When a line in the entries below contains the word "California", copy that line.

>>>

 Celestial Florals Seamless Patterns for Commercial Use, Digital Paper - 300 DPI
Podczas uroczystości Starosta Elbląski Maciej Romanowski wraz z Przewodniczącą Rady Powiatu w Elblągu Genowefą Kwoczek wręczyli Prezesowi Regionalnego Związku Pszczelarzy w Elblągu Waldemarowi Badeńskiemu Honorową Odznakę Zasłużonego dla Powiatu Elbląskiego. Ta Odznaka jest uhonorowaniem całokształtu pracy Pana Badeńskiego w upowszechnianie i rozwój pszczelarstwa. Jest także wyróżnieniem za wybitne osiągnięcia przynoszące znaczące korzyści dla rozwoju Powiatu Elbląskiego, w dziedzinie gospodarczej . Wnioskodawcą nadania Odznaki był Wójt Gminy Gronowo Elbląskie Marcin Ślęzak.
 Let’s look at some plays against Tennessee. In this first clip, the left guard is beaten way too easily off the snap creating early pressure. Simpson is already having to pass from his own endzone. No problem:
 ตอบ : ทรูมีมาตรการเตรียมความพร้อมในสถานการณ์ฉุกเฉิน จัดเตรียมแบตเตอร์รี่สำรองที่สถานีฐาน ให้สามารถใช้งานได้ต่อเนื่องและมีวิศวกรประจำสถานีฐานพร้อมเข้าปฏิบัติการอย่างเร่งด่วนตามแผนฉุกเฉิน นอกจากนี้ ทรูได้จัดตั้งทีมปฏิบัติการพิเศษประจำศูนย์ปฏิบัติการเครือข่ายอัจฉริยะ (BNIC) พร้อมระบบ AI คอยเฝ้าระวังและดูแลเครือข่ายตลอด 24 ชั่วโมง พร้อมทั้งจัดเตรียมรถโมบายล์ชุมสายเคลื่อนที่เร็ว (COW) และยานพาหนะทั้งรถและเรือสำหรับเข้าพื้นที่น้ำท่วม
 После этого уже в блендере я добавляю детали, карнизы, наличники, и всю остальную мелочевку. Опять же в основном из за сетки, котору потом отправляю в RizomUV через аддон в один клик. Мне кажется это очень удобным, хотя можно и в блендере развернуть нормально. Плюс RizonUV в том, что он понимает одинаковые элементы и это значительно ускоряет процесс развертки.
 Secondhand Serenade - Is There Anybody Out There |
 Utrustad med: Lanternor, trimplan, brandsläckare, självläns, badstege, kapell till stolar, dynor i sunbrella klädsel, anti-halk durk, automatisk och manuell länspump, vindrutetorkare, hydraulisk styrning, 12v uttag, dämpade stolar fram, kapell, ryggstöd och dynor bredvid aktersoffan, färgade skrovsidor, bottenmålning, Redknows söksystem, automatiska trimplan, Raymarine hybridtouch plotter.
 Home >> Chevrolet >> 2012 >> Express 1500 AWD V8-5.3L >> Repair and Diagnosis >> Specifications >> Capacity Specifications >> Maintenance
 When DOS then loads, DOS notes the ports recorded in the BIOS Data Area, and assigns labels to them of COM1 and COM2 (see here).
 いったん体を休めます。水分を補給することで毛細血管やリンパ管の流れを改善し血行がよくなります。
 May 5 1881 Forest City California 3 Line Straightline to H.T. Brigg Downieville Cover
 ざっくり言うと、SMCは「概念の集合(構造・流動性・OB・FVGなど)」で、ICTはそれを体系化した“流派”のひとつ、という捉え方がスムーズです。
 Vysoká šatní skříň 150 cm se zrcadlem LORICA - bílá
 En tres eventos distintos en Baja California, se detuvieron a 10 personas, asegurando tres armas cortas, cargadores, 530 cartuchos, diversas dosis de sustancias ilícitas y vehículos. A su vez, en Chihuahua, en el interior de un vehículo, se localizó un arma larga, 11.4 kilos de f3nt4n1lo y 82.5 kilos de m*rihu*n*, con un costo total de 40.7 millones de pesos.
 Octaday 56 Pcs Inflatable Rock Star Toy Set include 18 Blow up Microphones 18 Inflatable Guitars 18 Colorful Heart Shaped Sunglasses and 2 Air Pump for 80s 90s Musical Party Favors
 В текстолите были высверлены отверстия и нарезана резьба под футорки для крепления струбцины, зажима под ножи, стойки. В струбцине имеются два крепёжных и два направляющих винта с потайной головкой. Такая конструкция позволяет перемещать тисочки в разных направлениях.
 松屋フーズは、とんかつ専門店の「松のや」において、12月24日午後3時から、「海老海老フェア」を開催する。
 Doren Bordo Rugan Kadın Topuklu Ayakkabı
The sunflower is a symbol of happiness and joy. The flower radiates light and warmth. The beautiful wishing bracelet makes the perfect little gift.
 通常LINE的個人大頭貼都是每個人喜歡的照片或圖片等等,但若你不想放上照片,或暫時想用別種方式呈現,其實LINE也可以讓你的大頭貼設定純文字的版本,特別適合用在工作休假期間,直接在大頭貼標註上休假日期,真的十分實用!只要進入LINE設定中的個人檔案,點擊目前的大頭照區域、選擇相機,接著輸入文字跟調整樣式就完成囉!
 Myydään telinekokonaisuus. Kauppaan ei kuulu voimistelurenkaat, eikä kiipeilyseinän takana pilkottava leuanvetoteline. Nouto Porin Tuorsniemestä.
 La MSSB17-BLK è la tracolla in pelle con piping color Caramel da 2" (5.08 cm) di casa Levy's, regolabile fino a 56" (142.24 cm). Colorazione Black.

<<<

__Written answer__.
 May 5 1881 Forest City California 3 Line Straightline to H.T. Brigg Downieville Cover
 En tres eventos distintos en Baja California, se detuvieron a 10 personas, asegurando tres armas cortas, cargadores, 530 cartuchos, diversas dosis de sustancias ilícitas y vehículos. A su vez, en Chihuahua, en el interior de un vehículo, se localizó un arma larga, 11.4 kilos de f3nt4n1lo y 82.5 kilos de m*rihu*n*, con un costo total de 40.7 millones de pesos.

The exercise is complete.